In December 1970, Bockwinkel began wrestling for the Minneapolis, Minnesota-based American Wrestling Association (AWA). Over the following months, he went on a lengthy undefeated streak (albeit while losing some matches by disqualification and count-out), with his regular opponents including Edouard Carpentier, Kenny Jay, and Paul Diamond. He sustained his first defeat in September 1971 when he unsuccessfully challenged AWA World Heavyweight Champion Verne Gagne.

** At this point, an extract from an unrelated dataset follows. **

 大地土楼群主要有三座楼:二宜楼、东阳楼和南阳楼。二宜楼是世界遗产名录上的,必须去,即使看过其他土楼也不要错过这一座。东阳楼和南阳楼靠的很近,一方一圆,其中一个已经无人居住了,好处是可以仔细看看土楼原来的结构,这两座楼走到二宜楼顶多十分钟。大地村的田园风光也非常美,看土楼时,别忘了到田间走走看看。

In August 1971, Bockwinkel began teaming with Ray Stevens. The duo became "the most hated AWA grapplers of the early 1970s"; they ultimately wrestled over 300 matches together. The tag team was formed when Bockwinkel interfered in a bout between Stevens and Red Bastien. Bockwinkel and Stevens went on to feud with Bastien and The Crusher, the then-AWA World Tag Team Champions. In January 1972, Bockwinkel and Stevens defeated Bastien and The Crusher for the titles in a two out of three falls match, winning the final fall when Bockwinkel kicked Bastien in the stomach as he attempted to give Stevens an atomic drop. They successfully defended the titles in a series of rematches with Bastien and The Crusher, as well as other challengers such as Billy Robinson and Dr. X, The Vachon Brothers, and Billy Robinson and Wahoo McDaniel. During 1972, Bockwinkel and Stevens also competed in Championship Wrestling from Florida - where they briefly held the NWA Florida Tag Team Championship - and several other promotions. Their reign as AWA World Tag Team Champions finally ended in December 1972 when they lost to the "dream team" of Billy Robinson and Verne Gagne.

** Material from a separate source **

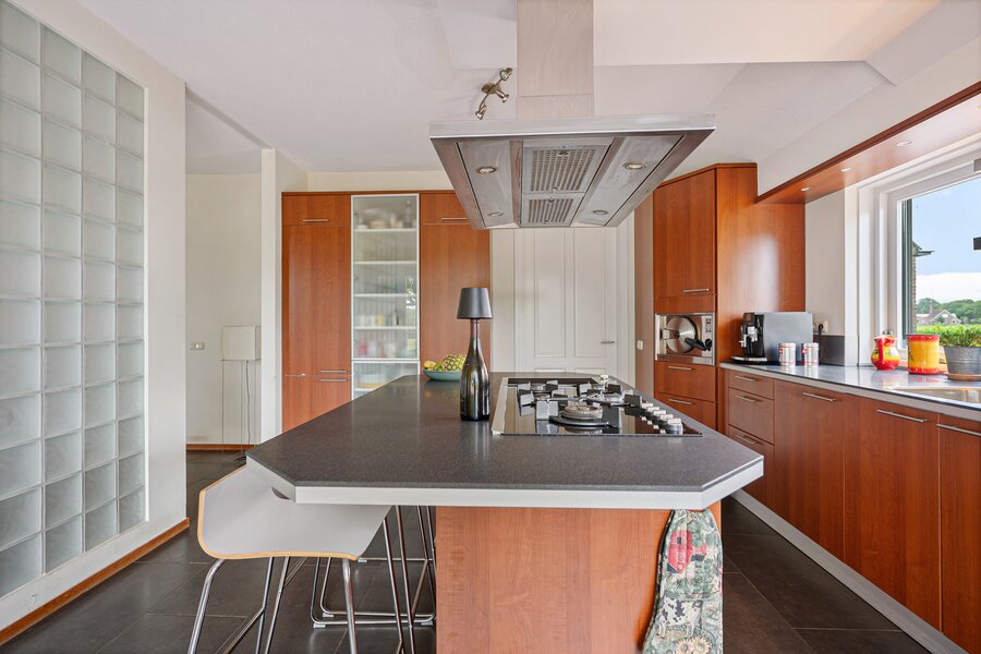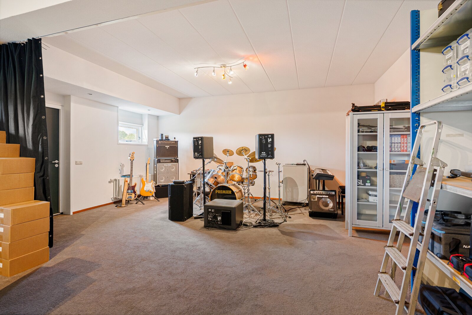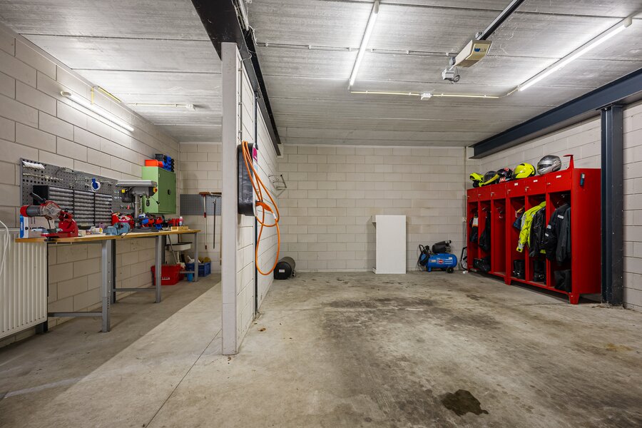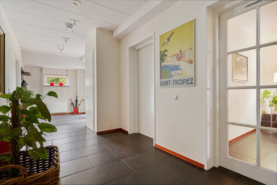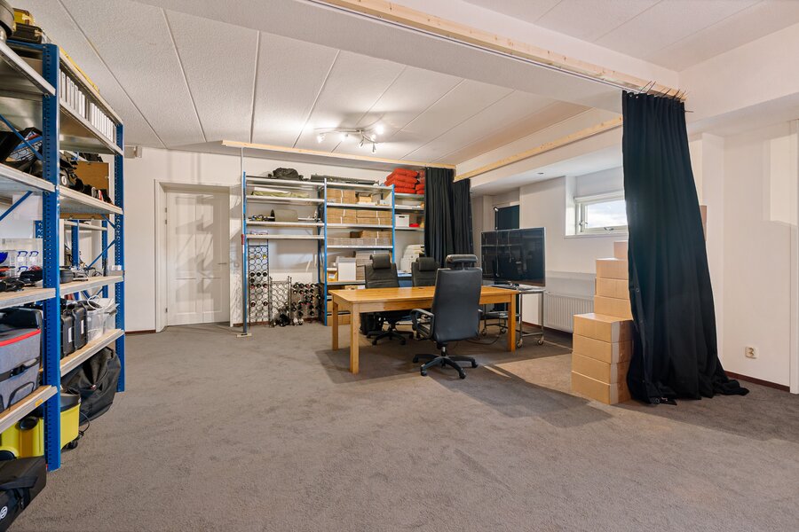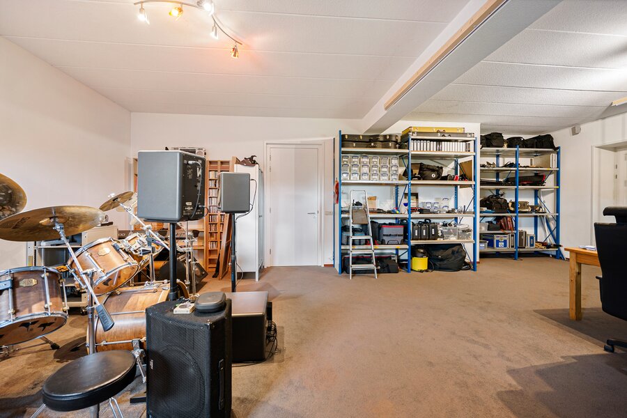 Grote hal, toilet, royale living met bibliotheek v.v. gashaard, een ruime eetkamer en een grote woonkeuken (samen 85 m2) voorzien van diverse inbouwapparatuur, tussenhal met toegang naar een grote geluidsdichte studio c.q. muziekkamer van 56 m2 die ontworpen is om makkelijk op te splitsen in twee aparte vertrekken, bijkeuken en een inpandige schuur c.q. werkplaats en een garage, met betonvloeren, elektrische laadpaal, krachtstroom, heater en meerdere grote sectionaaldeuren.

In January 1973, Bockwinkel and Stevens regained the AWA World Tag Team Championship from Gagne and Robinson in a two out of three falls match. Over the next 18 months, they defended the titles against teams such as the Texas Outlaws (Dick Murdoch and Dusty Rhodes), The Crusher and Mad Dog Vachon, and Billy Robinson and a series of partners including Don Muraco, Geoff Portz, Ken Patera, Red Bastien, and Wahoo McDaniel. Magazine Pro Wrestling Illustrated named Bockwinkel and Stevens its "Tag Team of the Year" for 1973. Their second reign ended in July 1974 when they lost to Billy Robinson and The Crusher in a two out of three falls match in a match with Greg Gagne as special guest referee. Following their title loss, Bockwinkel and Stevens began feuding with Greg Gagne and his partner Jim Brunzell. Claiming that there was a "conspiracy" against them, in August 1974 Bockwinkel and Stevens introduced Bobby Heenan as their manager to protect their interests.

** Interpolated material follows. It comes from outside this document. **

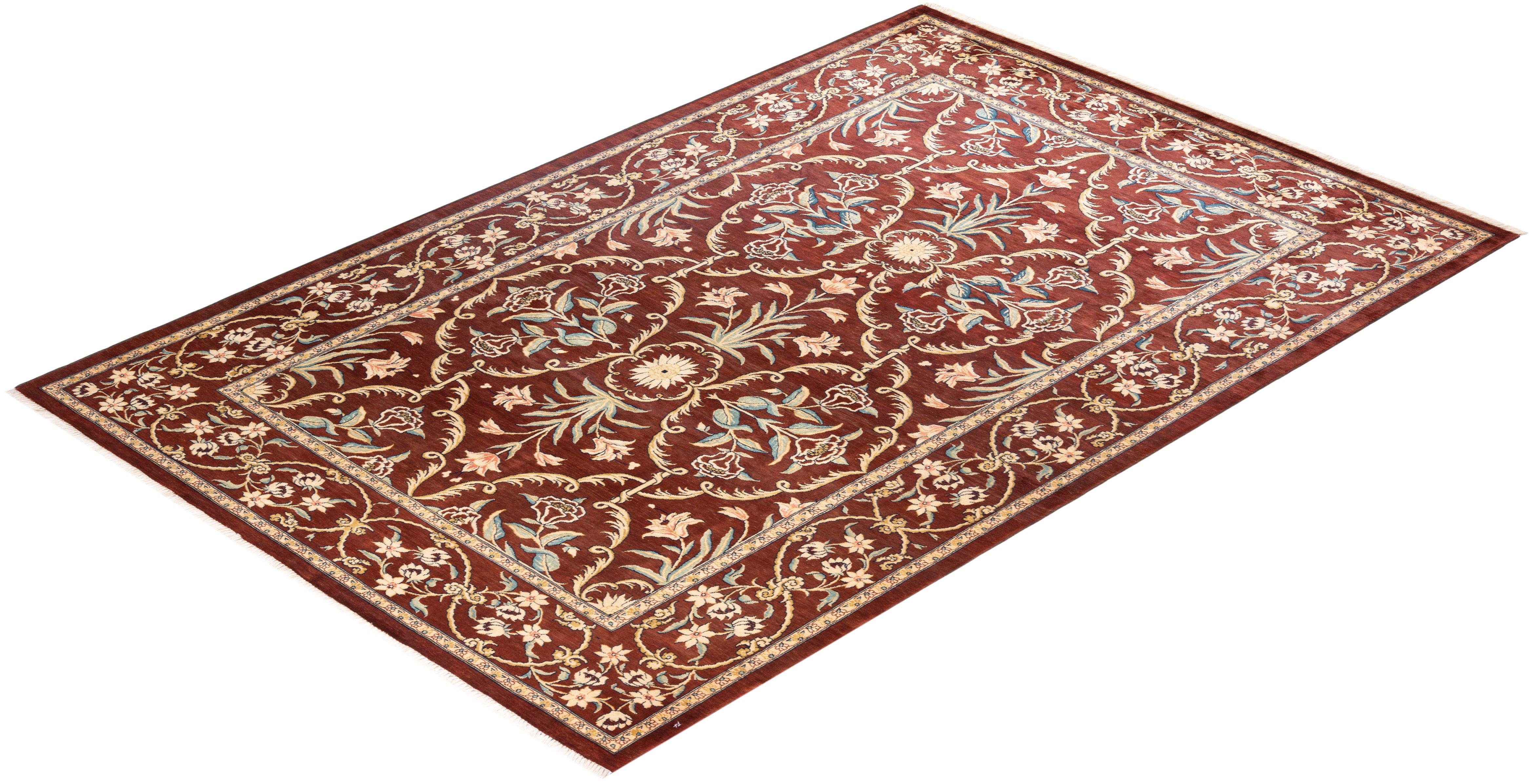 Contemporary Hand Knotted Eclectic Oriental Red Area Rug 5' 9" x 8' 10"

In October 1974, Bockwinkel and Stevens regained the AWA World Tag Team Championship from Robinson and The Crusher following interference from Heenan. In November 1974, Bockwinkel and Stevens participated in the International Wrestling Enterprise World Championship Series tournament in Japan, during which they defended their titles against The Great Kusatsu and Rusher Kimura. On January 25, 1975, an angry fan fired a gun at Heenan in Chicago's International Amphitheatre after Heenan interfered in Bockwinkel's match; neither Heenan nor Bockwinkel were hit, but several audience members at ringside were injured. Over the following months, Bockwinkel and Stevens defended their titles against challengers including the High Flyers (Gagne and Brunzell), Dusty Rhodes and Superstar Billy Graham, and Dusty Rhodes and Larry Hennig. Their third and final reign ended in August 1975 when they were defeated by The Crusher and Dick the Bruiser. The team dissolved shortly thereafter when Stevens departed the AWA, with Bobby Duncum allying with Bockwinkel in November 1975.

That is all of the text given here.